The medium or high voltage circuit breaker comprises an interrupting chamber containing a dielectric gas, in which the displacement of a movable contact (2) relative to a fixed contact (3) to open the circuit breaker gives rise to an electric arc which is quickly established between the moving contact (2) and an external electrode (6) which is electrically connected to the fixed contact (3), and in which a coil (7) connected in series with the external electrode (6) is supplied by the electric arc to generate a magnetic field which moves the electric arc relative to the dielectric gas which is at rest A central electrode (9) is electrically connected to the moving contact (2) and passes through the external electrode (6) so that the electric arc is driven in movement by being established between the two electrodes (6, 9). The electric field created between the two electrodes is substantially uniform, which makes it possible to minimize the risk of re-igniting the electric arc.

Description

The invention relates to a medium or high voltage circuit breaker

  in which an electric arc generated at the opening of the circuit breaker is moved under the action of a magnetic field inside a breaking chamber intended to contain a dielectric gas and which comprises a cylindrical external electrode and a central electrode which extends substantially in one direction

axial of the external electrode.

  A circuit breaker of this type is known in particular from European patent application EP 0 058 007 published on June 4, 1986. In this document, a movable contact plays both the role of electrical contact and of central electrode. When the circuit breaker opens, the electrical arc which forms initially between the movable contact and a fixed contact, is quickly established between the movable contact and the external electrode and creates a supply current for a mounted coil. in series with the external electrode. The magnetic field created by the coil drives the electric arc in displacement compared to the dielectric gas at rest under the action of electromagnetic forces which act on the molecules of the dielectric gas ionized by the electric arc. At the end of the opening stroke, the movable contact is disposed approximately in an axial direction of the first electrode, its free end being located in front of one of the faces of

this first electrode.

  This arrangement of the movable contact at the end of the opening stroke does not seem satisfactory, insofar as its free end locally creates a relatively large electric field gradient. This localized gradient can favor the reestablishment of the electric arc after the zero current of the electric current to be cut, by delaying the regeneration speed of the ionized dielectric gas compared to the speed of rise of the electric voltage imposed by the network on which the circuit breaker is connected. The gradient can also help restore the arc after a while

effective cutoff.

  Under these conditions, the dielectric strength between the movable contact and the external electrode seems to be able to be ensured only by an increase in the pressure of the dielectric gas contained in the cutting chamber during the cutting phase and for as long

that the circuit breaker is open.

  The object of the invention is to improve the dielectric strength between the electrodes of a breaking chamber of a circuit breaker as described above. The basic idea of the invention is to make the mobile contact play the role of electrical contact, and to assign to a central electrode not confused with this contact, the role of cut-off electrode. To this end, the invention relates to a medium or high voltage circuit breaker in which an electric arc generated at the opening of the circuit breaker is moved under the action of a magnetic field inside a cut-out intended to contain a dielectric gas and which comprises a cylindrical external electrode and a central electrode which extends substantially in an axial direction of the external electrode, characterized in that the electrode

  central crosses the external electrode.

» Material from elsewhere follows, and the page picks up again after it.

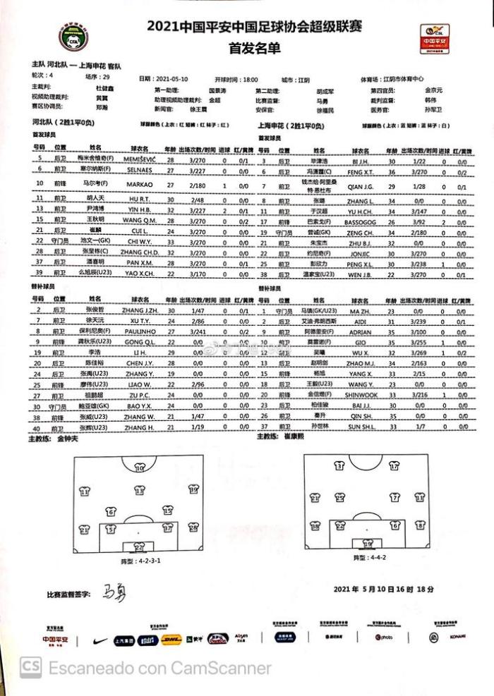 来源:直播车05-10 17:13直播车讯 北京时间5月10日18:00,中超第4轮,河北队对阵上海申花,赛前双方公布了本场比赛的首发阵容。
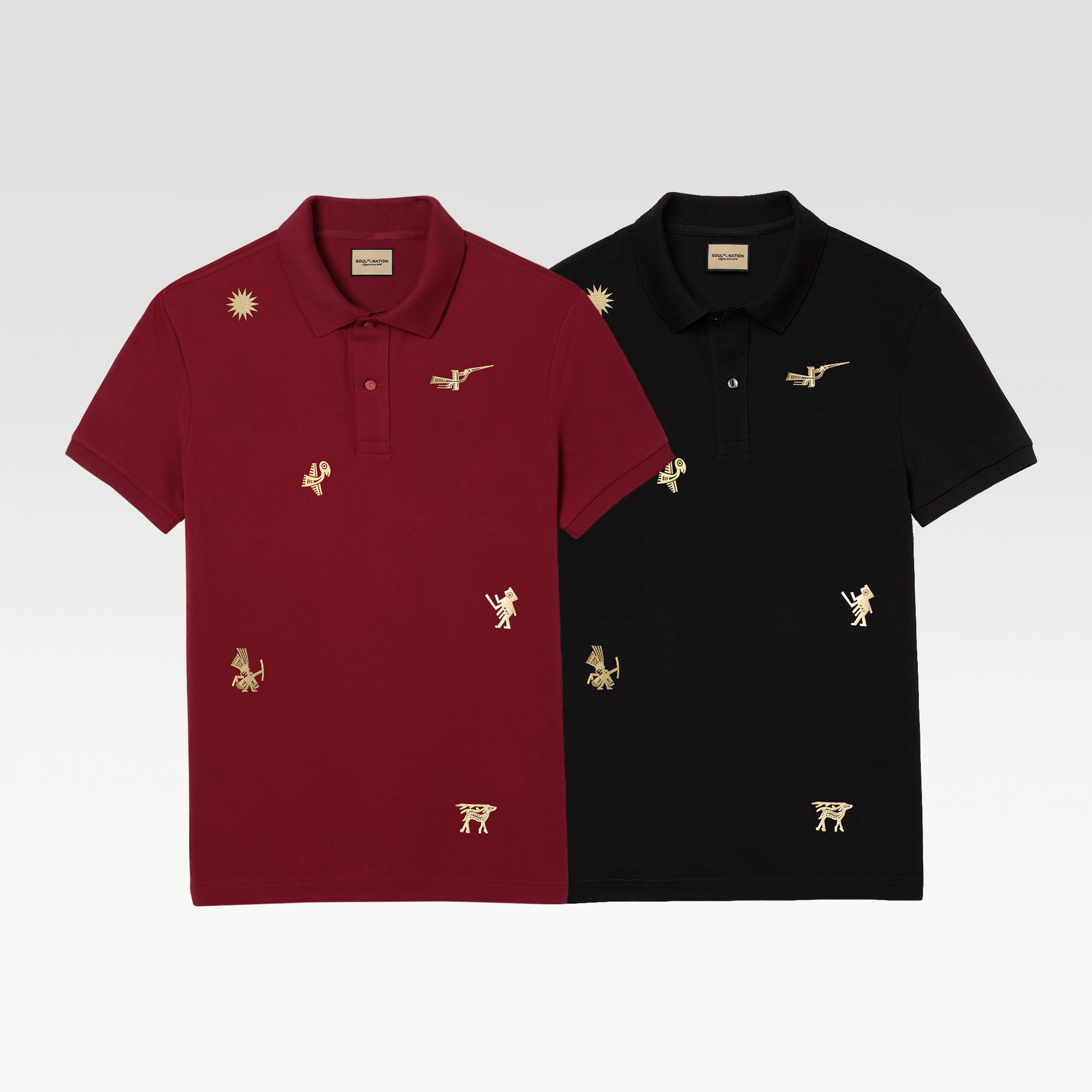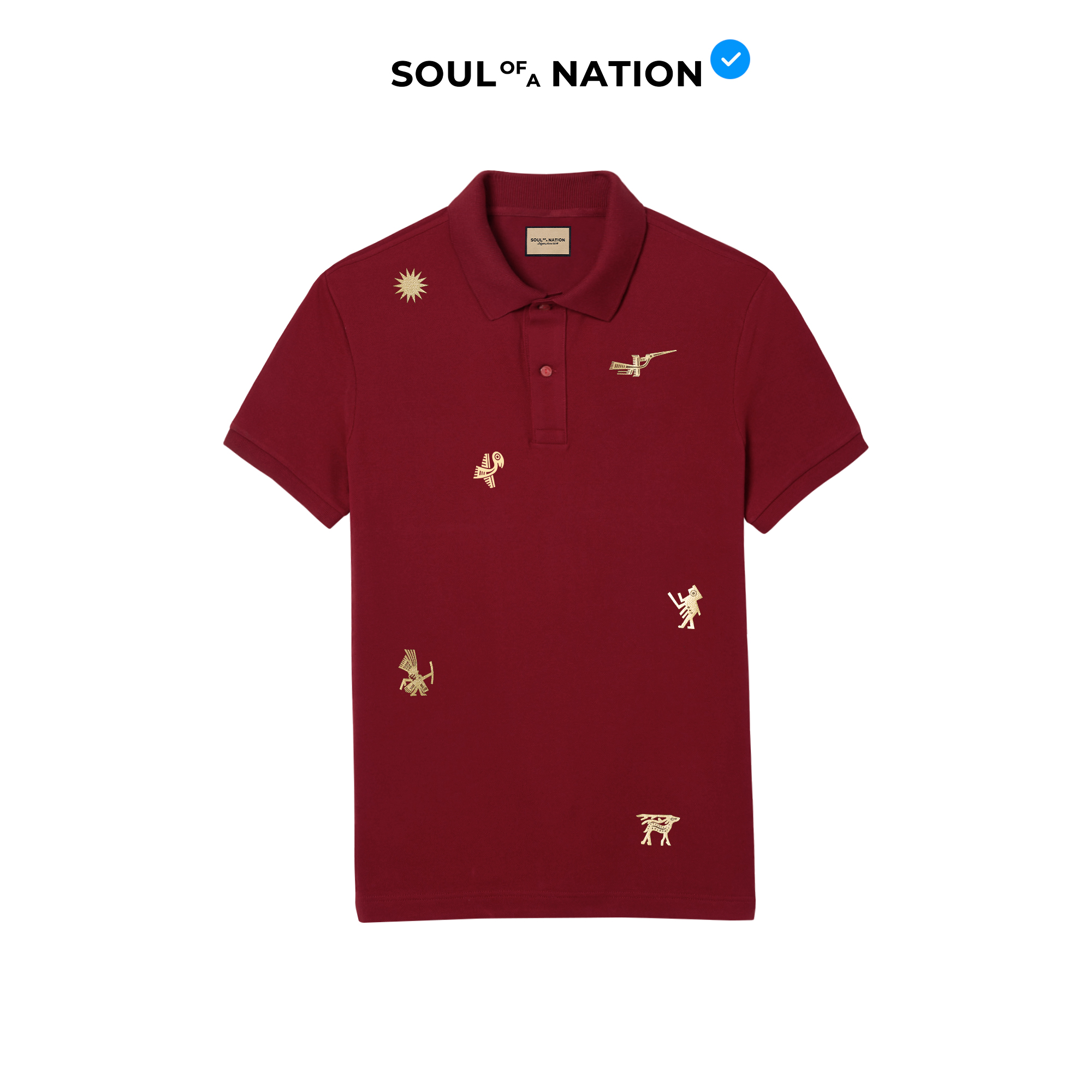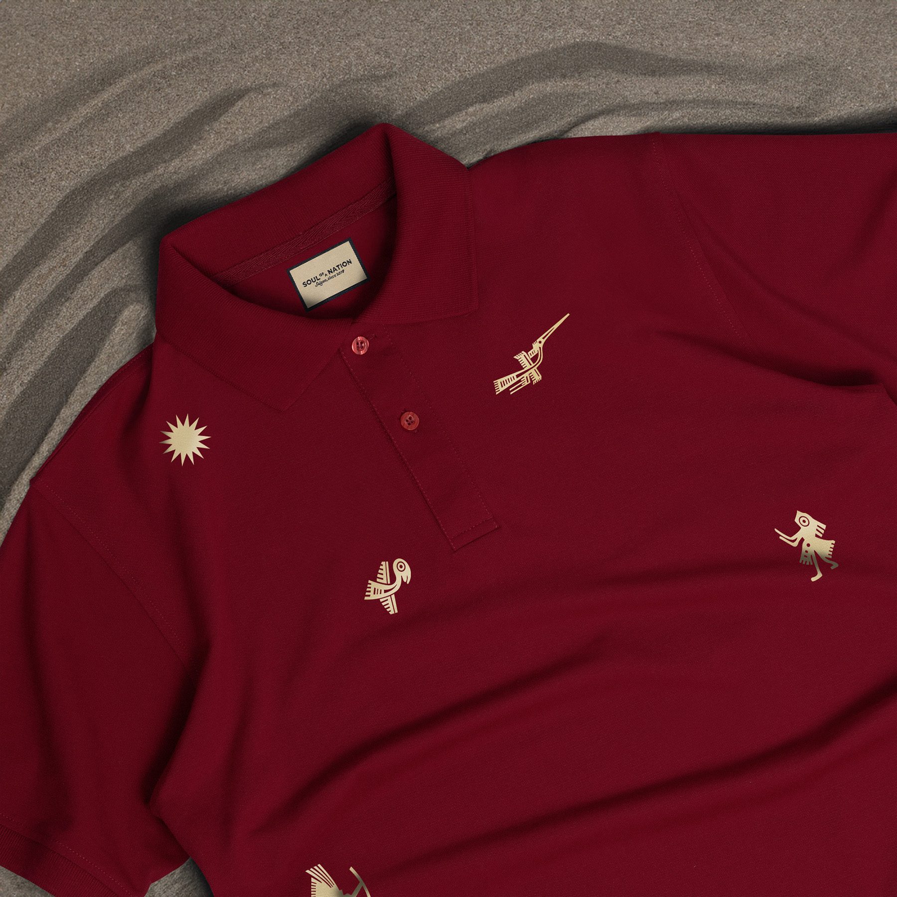 Áo Polo - Pattern Chim Lạc Trống Đồng Nhũ Vàng

  The central electrode passes through the external electrode to create a

  substantially uniform electric field between the two electrodes.

  During the zero crossing of the current to be cut, the risk of re-striking the electric arc is thus minimized, resulting in an increase in

  the dielectric strength of the circuit breaker's breaking chamber.

  Other characteristics and advantages of the invention will appear

  on reading the description of embodiments of the invention

illustrated by the drawings.

  Figure 1 shows a circuit breaker according to the invention, which comprises a breaking chamber in which a central electrode passes through an external electrode while being fixed to a piece of

  connection through a conductor.

  Figure 2 shows a central electrode according to Figure 1, of which

  a part is covered with an insulating thickness.

  FIG. 3 shows a circuit breaker according to the invention, which comprises a breaking chamber in which a central electrode passes through an external electrode while being fixed to a fixed support with respect to a connection part by means of a bent conductor. In Figure 1, there is shown the breaking chamber of a medium or high voltage circuit breaker. The interrupting chamber contains a gas having high dielectric and thermal properties such as hexafluoride under a pressure of a few bars.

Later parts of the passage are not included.